The schematic representation of the user steps for our developed diagnostic test kit is shown in Fig. 1. To determine whether a sample fluid contained CSF, the fluid was first absorbed into the collection swab. The swab was then inserted into the buffer in tube A and twirled around the edge of the tube for 10 s at 2 rotations per second in order to release the sample from the swab into the buffer. Tube A was then inverted 5 times to ensure the released sample was well-mixed. Next, 100 μL of the liquid in tube A was transferred to tube B using one of the provided disposable transfer pipettes. Tube B was then inverted 5 times to ensure complete mixing. The release of the sample from the swab into tube A and the subsequent transfer into tube B resulted in an overall 300-fold dilution of the original sample. Lastly, 100 μL of the solution in tube B was transferred into tube C where the barcode-style LFA test strip was also inserted. After 20 min, the results were interpreted where the formation of 0 and 1, 2, or 3 visible test lines indicated a diagnosis of negative, gray zone, or positive, respectively. Photographs of the test strips were taken by a Nikon D3400 digital camera (Nikon, Tokyo, Japan) in a controlled lighting environment.

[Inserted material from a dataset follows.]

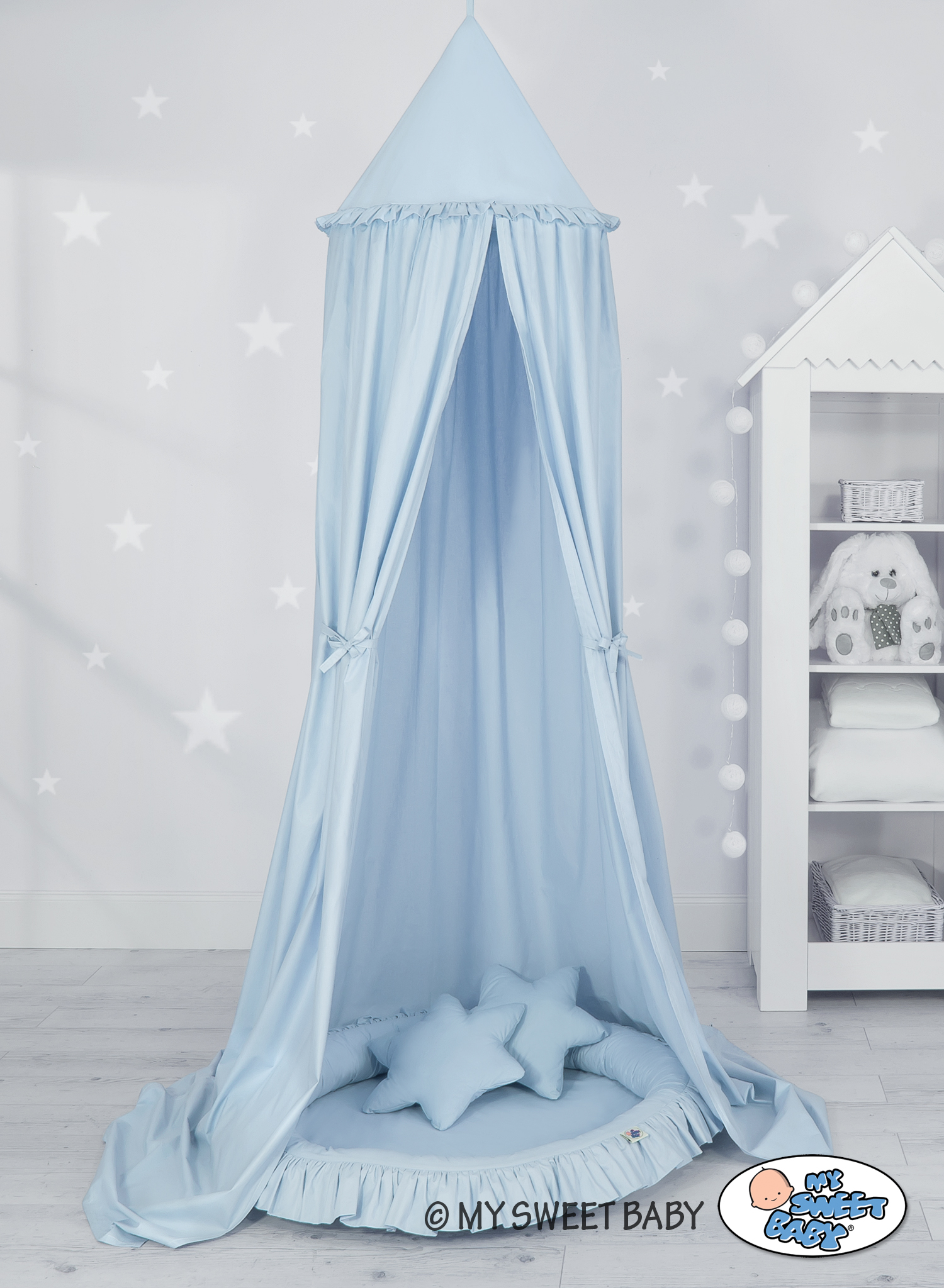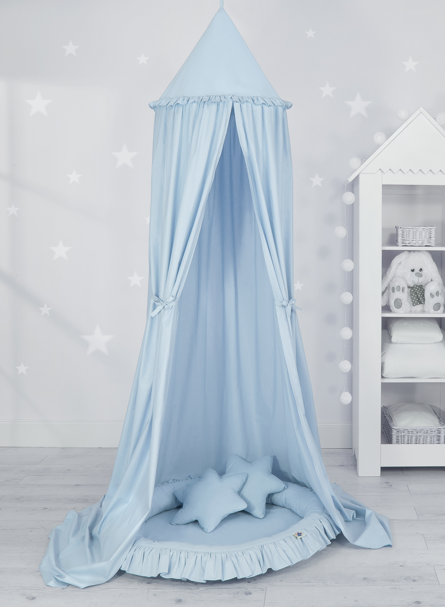 Etusivu » Vuodekatos » Setti: Vuodekatos + leikkipesä + tyynyt » Prinsessakatos-setti matolla ja tyynyillä Sininen

Schematic representation of the procedure for operating our rapid diagnostic test kit for the detection of CSF leaks. (1) Swab with collected sample is dipped and twirled in tube A buffer to release sample. (2) Released sample from tube A is further diluted in tube B using disposable transfer pipettes and then transferred to tube C. (3) Barcode-style LFA test strip is inserted into the fluid in tube C for 20 min. (4) Test results are interpreted by the user.

We first evaluated the ability of our diagnostic test kit to detect for βTP by testing samples containing purified, recombinant βTP in PBS. Then we evaluated a variety of different patient samples collected at the Ronald Reagan UCLA Medical center which were either negative or positive for the presence of CSF. These included fluid collected from skull base sites during endoscopic transnasal transsphenoidal (TNTS) surgeries, superior semicircular canal dehiscence (SSCD) repair surgeries, and brain tumor resection surgeries. Rhinorrhea and otorrhea specimens from healthy volunteers and patients with suspected CSF leaks were also included (University of California Los Angeles [UCLA] Institutional Review Board approval 17–001065).